Or, a nurse might say:

"... every nurse is more than just herself, she also represents the unique, the very special and always significant and remarkable point at which the nursing world's phenomena intersect, only once in this way and never again."

To me, human freedom means recognizing our unique potential, responsibility, and limitations. Our singularity as a nurse among nurses, then, confronts us with a responsibility that belongs to one else. Martin Buber, philosophical anthropologist says:

"As we become free ... our responsibility must become personal and solitary."[11]

Our unlikeness to other nurses is a lonely, very person conditioned state. Only each nurse can be responsible for herself. The wonders of freedom are {70} paradoxically, "all-at-once," both a delight and a burden. In nursing it is important for us to understand freedom not as opposing or agreeing: freedom is choosing--choosing and saying "yes" to one's self.

Human endeavor between man and men in their-worlds, in this instance professional clinical nursing, if explored and described is viewed as contributing to man's human evolvement and to knowledge of the human condition and how man becomes.

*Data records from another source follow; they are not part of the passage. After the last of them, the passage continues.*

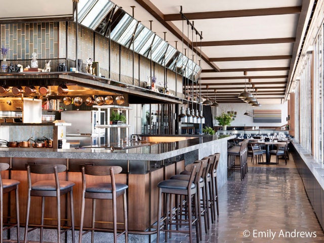 1階でコートチェックを済ませ、エレベーターで60階に上がる。長いカウンターを備えたバーを横目にマンハッタンの摩天楼を見ながらライブ感満載のオープンキッチン(写真下)の横を通り、ダイニングルームに案内される仕組みだ。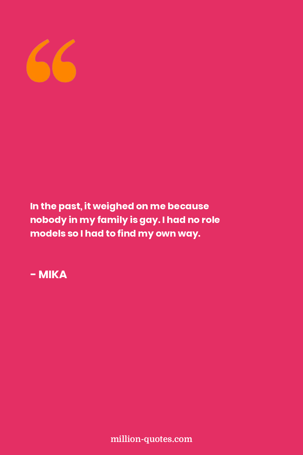 In the past, it weighed on me because nobody in my family is gay. I had no role models so I had to find my own way.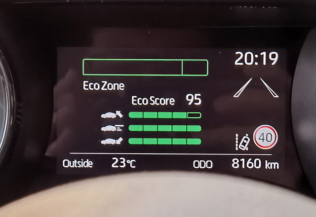 Pred vozačem su tri merenja vožnje: kako se startuje, sama vožnja, i kočenje. Tokom vožnje se na EcoZone prikazu vidi kako trenutno vozite, da li ste dali previše gasa, ili ste štedljivi i koji su sve motori uključeni. Sva tri segmenta se ocenjuju na skali od 1 do 5, i kad se zaustavite vidite koliko je vožnja bila ekonomična. Mi smo uspeli da dođemo do 95 bodova u tom EcoScore-u. Ovaj način je vrlo interesantan takmičarski nastrojenim vozačima (ceo muški rod?). Mi smo pokušavali da iz svake vožvnje izvučemo maksimum i da budemo bolji nego pre. Na velikom displeju postoji prikaz aktuelne situacije, da li se koristi baterija, ili benzin, da li se puni baterija dok kočite, ili prazni jer vozite lagano i smireno, pa je uključen elektro motor.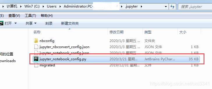 2、打开“.jupyter”文件夹,可以看到里面有个配置文件。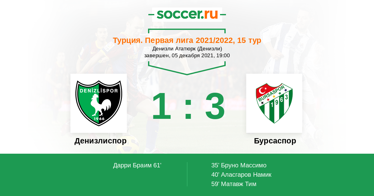 Турция. Первая лига 23.04.2022 Бурсаспор Логотип футбольный клуб Бурсаспор 1:0 Логотип футбольный клуб Денизлиспор Денизлиспор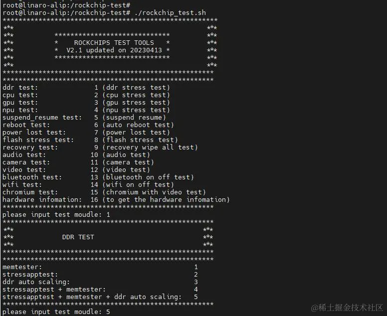 - 运行rockchip-test测试脚本:选择 1:ddr stress test 继续选择5:stressapptest + memtester + ddr auto scaling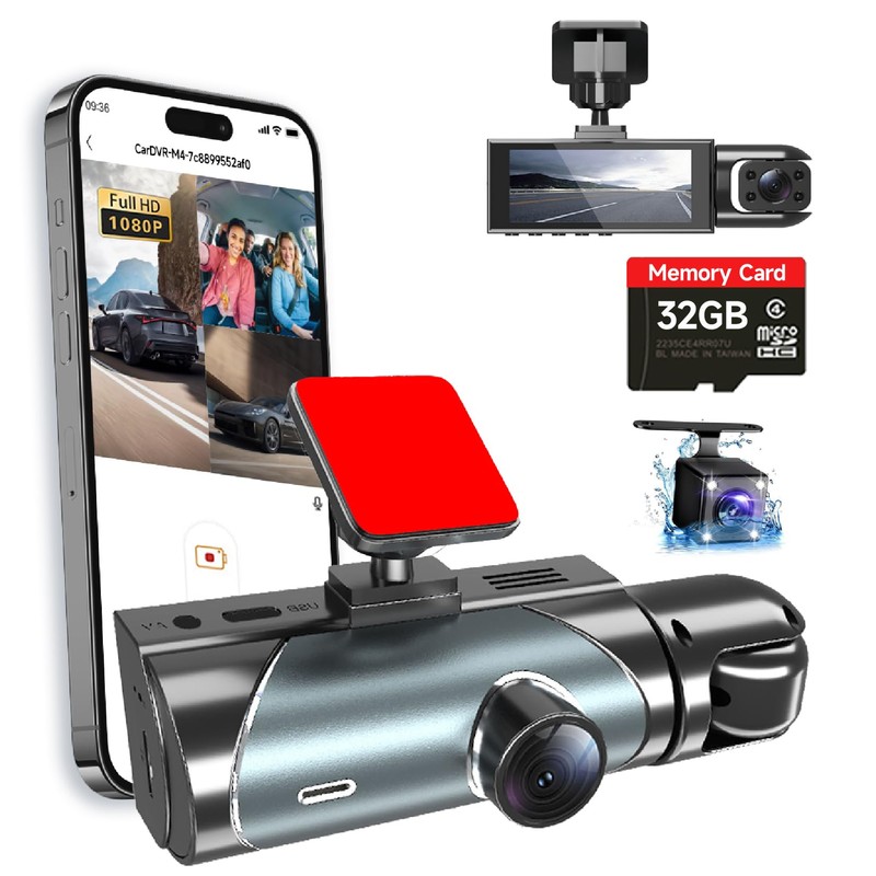 Dash Cam Front and Rear Inside, 3 Channel Dash Camera for Cars, 1080P Dashcam, Triple Car Camera, Wireless Dash Cam, Loop Recording, G-Sensor, WiFi & APP Control, Free 32GB Card (3.16” IPS Screen)

Integrally all the above statements are the bases and biases of this human phenomenological method of nursology. In a phrase, I suppose what all these _starting point_ statements say is: Nursing situations make available human existence events significantly worthy of description.

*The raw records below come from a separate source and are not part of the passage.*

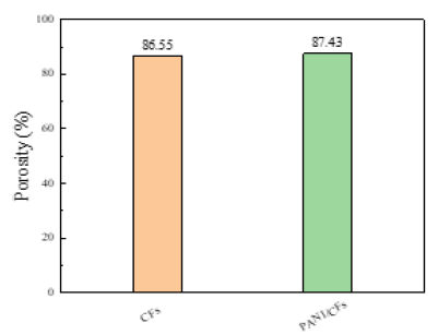 Porosity analysis of the PANI / CFs electrode material: The porosity can affect the electrochemical properties of the electrode material, and too low or too high porosity will cause mass transfer restriction or reduced energy density [8]. Figure 14 compares the porosity of CFs substrate and PANI / CFs electrode materials. As shown, the porosity of CFs substrate is 86.6% and PANI / CFs electrode material is 87.4%. The reasons for the increase in the porosity of PANI / CFs electrode materials: first, when the PANI is in situ polymerized on CFs, due to the shrinkage of fibers, the chemical binding of PANI and CFs leads to the rupture of a small number of cellulose molecules. After the pore increases, the contact between the electrode material and the electrolyte is increased to a certain extent, thus enhancing the electrochemical reaction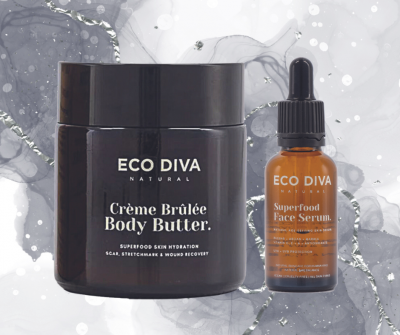This Eco Diva Crème Brulee Body Butter is a best seller … for good reason! With coconut, shea, Vit C, A, E and antioxidants, it a multi-use dose of natural, superfood goodness. Hydration, scarring, wounds, baby’s bums, stretch marks, and a gorg intimate lube. R435 from ecodiva.com • Eco Diva Superfood Face Serum with seven nutrient rich oil hydrates and moisturises while reducing wrinkles and pigmentation. UVA and UVB protection included. R505 from ecodiva.com
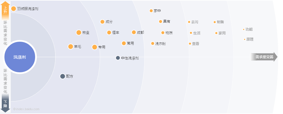 ###以你这张图看很好理解啊。你搜索的是洗涤剂,围绕这个词从里往外搜索量依次降低。黄色的代表近期有上升趋势,灰色的是下降趋势。越往上,上升趋势最明显,因为冬天来了所以羽绒服洗涤剂上升趋势很大。此外圈大的比圈小搜索量大。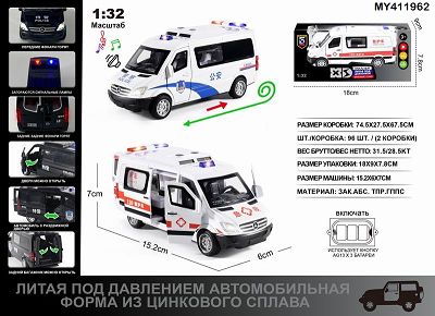 俄文1:24压铸锌合金灯光音效奔驰斯宾公安/救护车车模
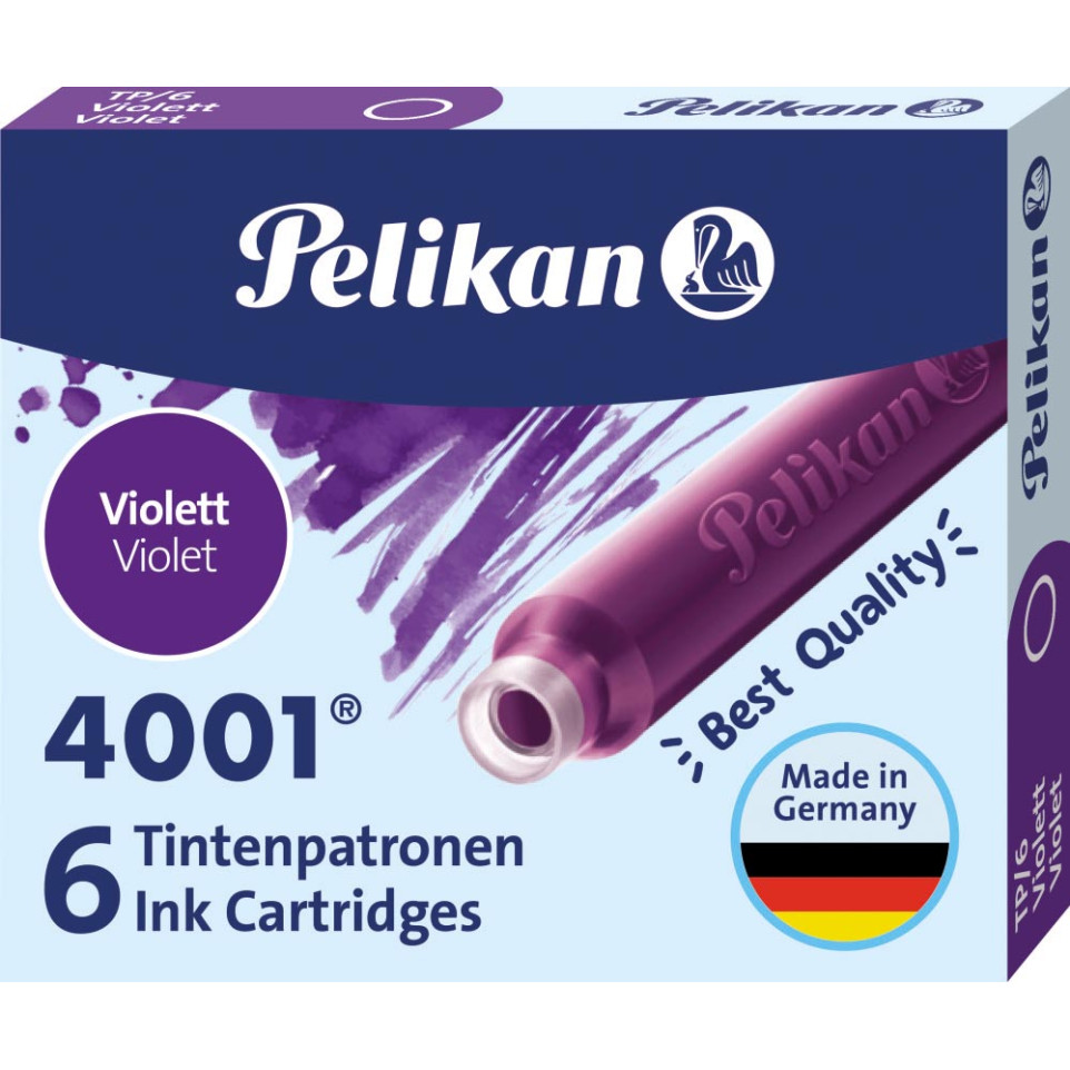 Pelikan 4001 inktpatronen paars zijn standaard inktpatronen geschikt voor alle Pelikan vulpennen en veel andere merken. De verpakking bevat 6 paarse patronen, ideaal voor dagelijks schrijfgebruik.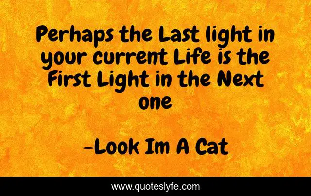 This page presents the quote "Perhaps the Last light in your current Life is the First Light in the Next one". Author of this quote is Look Im A Cat. This quote is about light, life, meaning,.

Only human nurses can describe them. Humans' ability to describe reality adequately has its limits. We should describe since pridefully we humans are the only existing beings capable of giving meaning to, looking at, and expressing our consciousness. In the long run this effort could yield a nursing science.

PHASES OF PHENOMENOLOGIC NURSOLOGY

Phase I: Preparation of the Nurse Knower For Coming to Know

This method engages the investigator as a risk taker and as a "knowing place." Risk taking necessitates decision. Decision imposes confronting ambivalence in one's self. The ambivalence of wanting to be "all-at-once" responsible and dependent. Superimposing an already accepted and acceptable structure on data is safe feeling. Approaching the situation or data openly, letting the structure emerge from it, not deciding what to look for, being willing to be surprised, give feelings of excitement, fear, and uncertainty. There exists the possibility that our humanness may include the dilemma of our not being able to perceive the messages of our data, that we will not be able to merge with it and become more. The question arises, Are we knowing places that can relate to otherness and intuitively synthesize knowledge? This process of accepting the decision to approach the unknown openly is experienced as an internal struggle and we become consciously aware of our rigidity and satisfaction with the status quo. Conforming to the usual, in this case positivism, gives a security that is not easily relinquished despite the advantages of actualizing our unique responsible freedom.

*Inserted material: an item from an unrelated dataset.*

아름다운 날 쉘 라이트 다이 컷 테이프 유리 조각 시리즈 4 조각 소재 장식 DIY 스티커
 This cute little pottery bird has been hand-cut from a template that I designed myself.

Russell's metaphorical phrase, "windows always open to the world,"

depicts the sought state of mind. His elaboration on this phrase gives the flavor of the process of preparing the mind. He says, "Through one's windows one sees not only the joy and beauty of the world, but also its pain and cruelty and ugliness, and the one is as well worth seeing as the other, and one must look into h.e.l.l before one has any right to speak of heaven."[12] Pain, cruelty, ugliness, h.e.l.l seem appropriate words to convey seeing our {71}long-cherished ideas and values, our security blankets, as only false G.o.ds. Nietzsche in speaking of confrontation of one's values said, "And now only cometh to him the great terror, the great outlook, the great sickness, the great nausea, the great seasickness."[13] So this human methodology seeks a condition of being in the investigator. The investigator must be aware of her own angular view and democratically open to giving the angular views apparent in the data, the called for representation.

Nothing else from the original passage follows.